● **WORK REQUIRED**
A faithful copy of the data is what is wanted, minus any pictures.

● **RECORDED DATA**
= = = = = = =

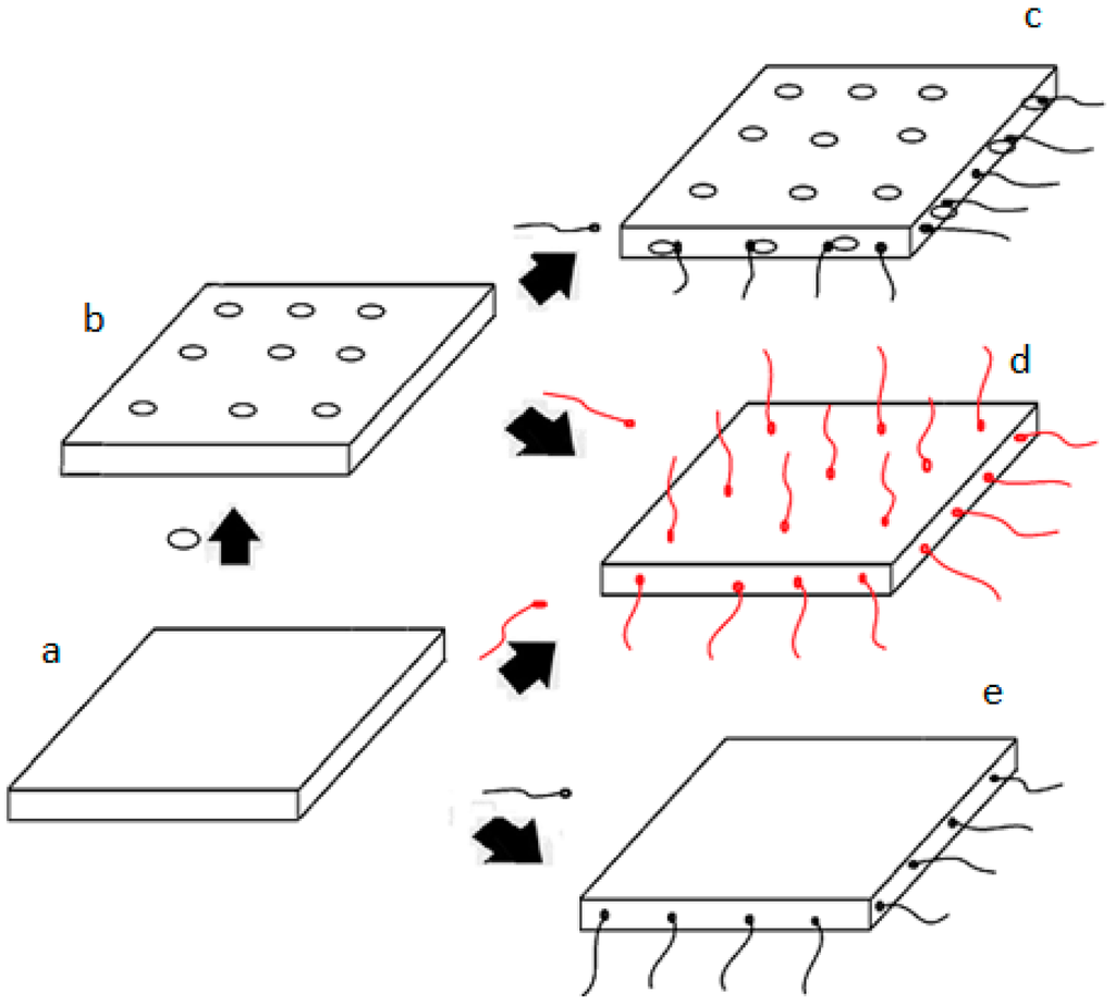 In summary, the adsorption position of SDS and 1831 on the surface of MMT are show in Figure 11. Figure 11 shows the original MMT particles, the adsorption position of [Cu(tetren)]2+, the co-relationship of adsorption of SDS and [Cu(tetren)]2+, the adsorption position of 1831 on the surface of MMT, the adsorption position of SDS, respectively. The experiential results in Figure 11d,c indicate that the [Cu(tetren)]2+ adsorbed on the plant surface can be replaced by 1831 but cannot be replaced by SDS, and the [Cu(tetren)]2+ can be adsorbed onto the edge surface of MMT caused by the adsorption of SDS on the edge surface, as shown by Figure 11c. Therefore, SDS was only adsorbed on the edge surface of MMT and 1831 was adsorbed both on the edge surface and plant surface of MMT, meanwhile, as shown in Figure 11e,d, respectively.
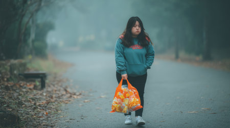 An overweight girl walking with a sad expression, holding a bag of chips in her hand.
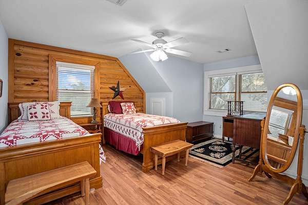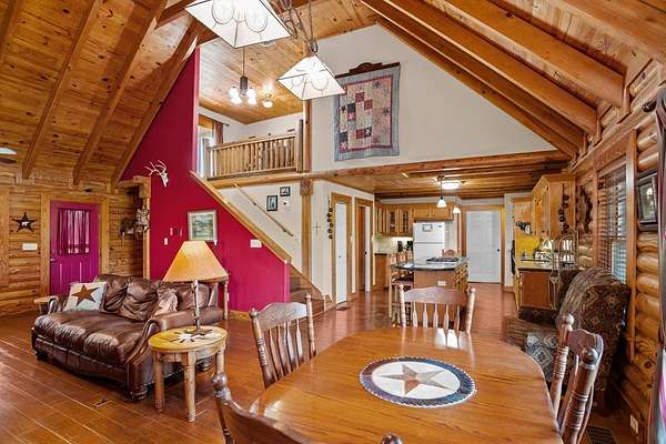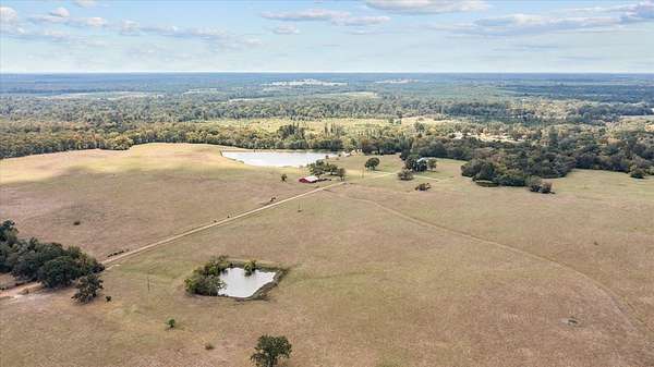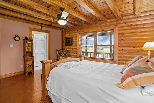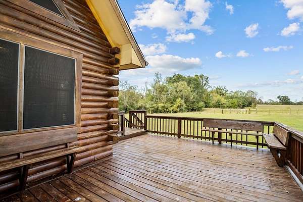 Discover this beautiful 147.2820-acre ranch conveniently located between Houston and Dallas. As you enter the ranch from State Highway 19 South, you will enjoy the long driveway offering sweeping views of open pastures with some areas of woods, a stocked 6-acre lake, and a welcoming three bedroom, two bath log home sitting on the hill. The home features an open concept living, dining, and kitchen area, with a primary suite on the main level, and a bonus retreat upstairs offering two bedrooms, bath, and a sitting area with balcony access overlooking the property and lake. This ranch is ideal for agriculture, recreation, or a relaxing retreat, with fenced and cross-fenced grazing pastures and water sources in each pasture. The area is known for large white-tailed deer! You will also find a bunk house with a kitchen and bath, a barn, and a storage building. Outdoor living is enhanced by the main home's expansive porches and decks, perfect for morning coffee and tranquil views.
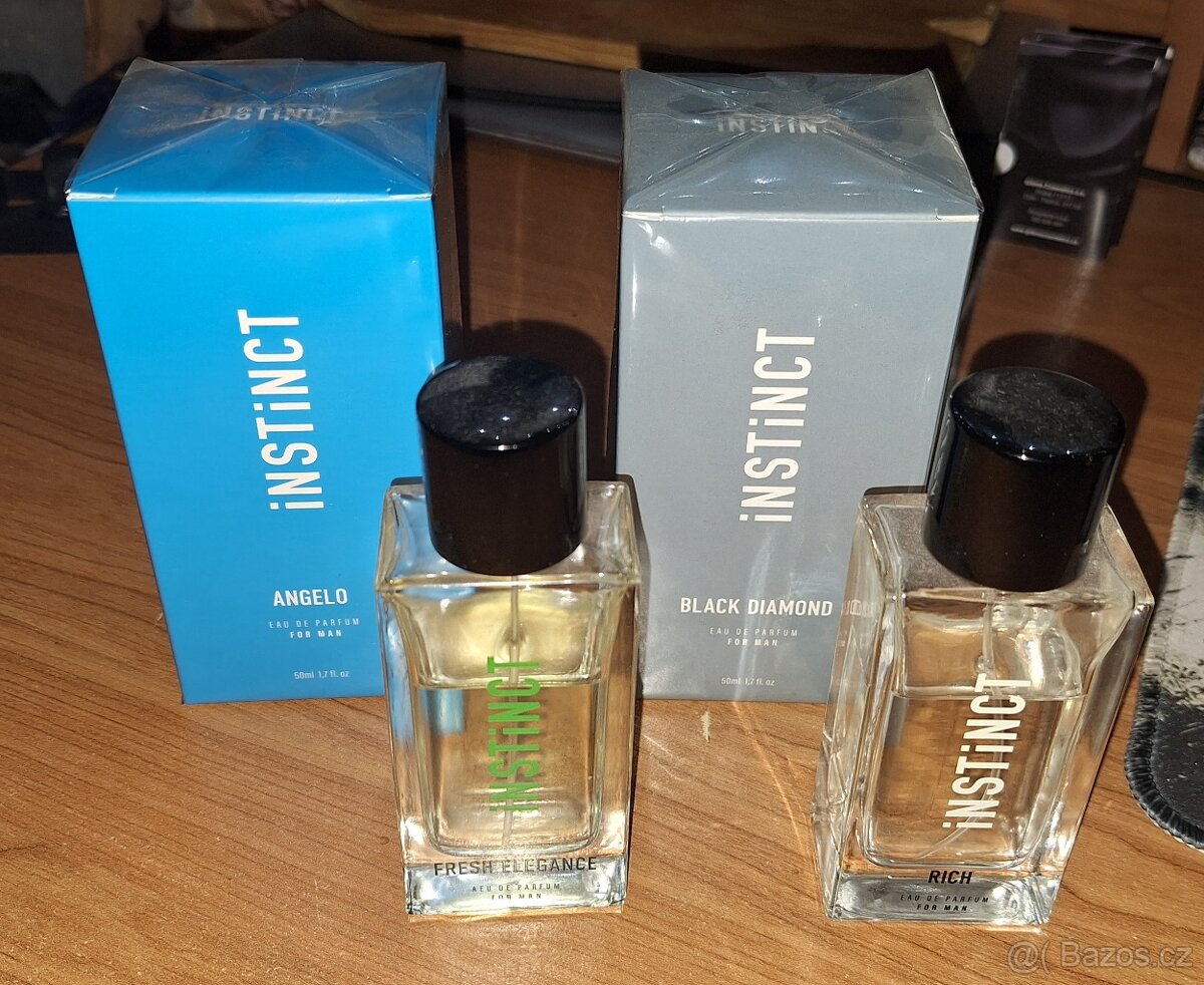 Prodám parfémy Instinct - Rich, Fresh Elegance, Black Diamond, Angelo. Nerozbalené (Black Diamond, Angelo) - 600kč Rozbalené (Rich, Fresh Elegance - cca 80%) - 300kč Už jich mám moc. Příjemné vůně. Komplet za 1500kč. https://www.instinctperfume.cz/kategorie-produktu/panske-vune/

= = = = = = =

● **TASK OUTPUT**
 In summary, the adsorption position of SDS and 1831 on the surface of MMT are show in Figure 11. Figure 11 shows the original MMT particles, the adsorption position of [Cu(tetren)]2+, the co-relationship of adsorption of SDS and [Cu(tetren)]2+, the adsorption position of 1831 on the surface of MMT, the adsorption position of SDS, respectively. The experiential results in Figure 11d,c indicate that the [Cu(tetren)]2+ adsorbed on the plant surface can be replaced by 1831 but cannot be replaced by SDS, and the [Cu(tetren)]2+ can be adsorbed onto the edge surface of MMT caused by the adsorption of SDS on the edge surface, as shown by Figure 11c. Therefore, SDS was only adsorbed on the edge surface of MMT and 1831 was adsorbed both on the edge surface and plant surface of MMT, meanwhile, as shown in Figure 11e,d, respectively.
 An overweight girl walking with a sad expression, holding a bag of chips in her hand.
 Discover this beautiful 147.2820-acre ranch conveniently located between Houston and Dallas. As you enter the ranch from State Highway 19 South, you will enjoy the long driveway offering sweeping views of open pastures with some areas of woods, a stocked 6-acre lake, and a welcoming three bedroom, two bath log home sitting on the hill. The home features an open concept living, dining, and kitchen area, with a primary suite on the main level, and a bonus retreat upstairs offering two bedrooms, bath, and a sitting area with balcony access overlooking the property and lake. This ranch is ideal for agriculture, recreation, or a relaxing retreat, with fenced and cross-fenced grazing pastures and water sources in each pasture. The area is known for large white-tailed deer! You will also find a bunk house with a kitchen and bath, a barn, and a storage building. Outdoor living is enhanced by the main home's expansive porches and decks, perfect for morning coffee and tranquil views.
 Prodám parfémy Instinct - Rich, Fresh Elegance, Black Diamond, Angelo. Nerozbalené (Black Diamond, Angelo) - 600kč Rozbalené (Rich, Fresh Elegance - cca 80%) - 300kč Už jich mám moc. Příjemné vůně. Komplet za 1500kč. https://www.instinctperfume.cz/kategorie-produktu/panske-vune/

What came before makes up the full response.